Gem Testing:
from the separation of colors to the analysis the atomic Level
 
Ensaio sobre a história da gemologia publicado no número especial da newsleter do ICA Incolor, no número dedicado à directoria mundial de laboratórios gemológicos
in The ICA 2007 World Gemological Laboratory Directory, Winter 2007, pp.
por Rui Galopim de Carvalho
 
Long ago, when man began using and, most importantly, trading gem materials it became obvious that the perception of value was different for different materials, thus creating the need to name them, identify and separate them. At those early days through most of the Classical times, gem nomenclature and identification (if one may say so, though) was essentially performed by the simple observation of the most obvious external properties, like color, transparency, texture, etc. For example, due to the lack of a scientific base for separating the different gem varieties as we know them today, green gems like emerald, chrysocolla and some turquoise were grouped under the name smaragdus; red gems like ruby, spinel and garnet under carbuncle (or anthrax) and orange gems like hessonite garnet, tourmaline and sometimes zircon under jacinth. The works of Theophrastus (372-287 BC) and Pliny, the Elder (23-79 AD) are rich in such references. The same kind of empirical nomenclature is also patented in the Bible, most specially on the description of the 12 stones in the Breastplate of the High Priest, giving rise to very interesting interpretations even today.

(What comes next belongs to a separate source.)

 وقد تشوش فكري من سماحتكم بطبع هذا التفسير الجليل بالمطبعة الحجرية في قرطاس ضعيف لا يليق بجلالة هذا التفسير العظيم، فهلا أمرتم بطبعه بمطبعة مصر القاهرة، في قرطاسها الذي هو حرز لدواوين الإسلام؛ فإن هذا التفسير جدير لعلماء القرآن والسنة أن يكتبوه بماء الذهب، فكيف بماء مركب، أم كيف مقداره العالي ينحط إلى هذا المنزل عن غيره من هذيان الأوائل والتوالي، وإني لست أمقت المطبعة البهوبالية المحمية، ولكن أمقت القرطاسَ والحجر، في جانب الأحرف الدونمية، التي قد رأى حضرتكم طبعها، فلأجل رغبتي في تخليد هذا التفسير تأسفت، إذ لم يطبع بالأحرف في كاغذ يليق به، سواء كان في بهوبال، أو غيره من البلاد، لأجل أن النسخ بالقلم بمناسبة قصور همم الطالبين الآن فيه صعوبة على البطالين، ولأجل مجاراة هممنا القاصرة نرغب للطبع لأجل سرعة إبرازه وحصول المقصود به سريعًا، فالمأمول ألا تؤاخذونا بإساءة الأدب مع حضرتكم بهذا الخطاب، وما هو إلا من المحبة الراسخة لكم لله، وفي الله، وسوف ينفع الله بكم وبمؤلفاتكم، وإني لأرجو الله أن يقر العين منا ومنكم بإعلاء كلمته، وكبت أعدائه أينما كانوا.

Gem identification, for the sake of value perception and consequent justification of price, continued to be based in simple tests that were particularly well developed in the very advanced intellectual Islamic world of the 9th to 12th centuries, with the magnificent treatises on stones of Gabar ibn Haiyan, Al Beruni and later of Al Tifashi. In the western world though, the significant advances only started to take shape after the development by the Portuguese of maritime trading routes between the gem producing areas of the Orient and the consuming countries of Europe. Both academic scholars like Agricola and prominent goldsmiths like Benvenuto Cellini wrote on the identification of gem materials, being Cellini’s writings quite interesting in describing gem treatments and imitations.
Until the technological developments that offered commercially available synthetic stones in the dawn of the 20th century and most importantly the appearance of cultured pearls in the 1920’, most gemological problems were related to the identification of the materials, the detection of substitutes, like zircon and spinel, imitations, like pastes and “french pearls”, and other situations as doublets, foil backs, etc.

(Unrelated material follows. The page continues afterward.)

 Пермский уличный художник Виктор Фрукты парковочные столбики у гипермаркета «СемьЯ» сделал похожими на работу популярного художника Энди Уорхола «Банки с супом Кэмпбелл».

The 19th century was a prologue for the development of gemology as a knowledge field and, in fact, as a word in most languages. Not only did the industrial revolution plant the seeds of an emerging consuming middle class, but also the discoveries of more and new gemstone deposits boosted jewelry production. In this changing offer/demand scenario the geological sciences came into play, offering significant contributions to the development of the yet to be born gemology. The need for non-destructive methods for gem-identification was enough to mark the difference between mineralogy and gemology, creating the need for new instrumentation and procedures.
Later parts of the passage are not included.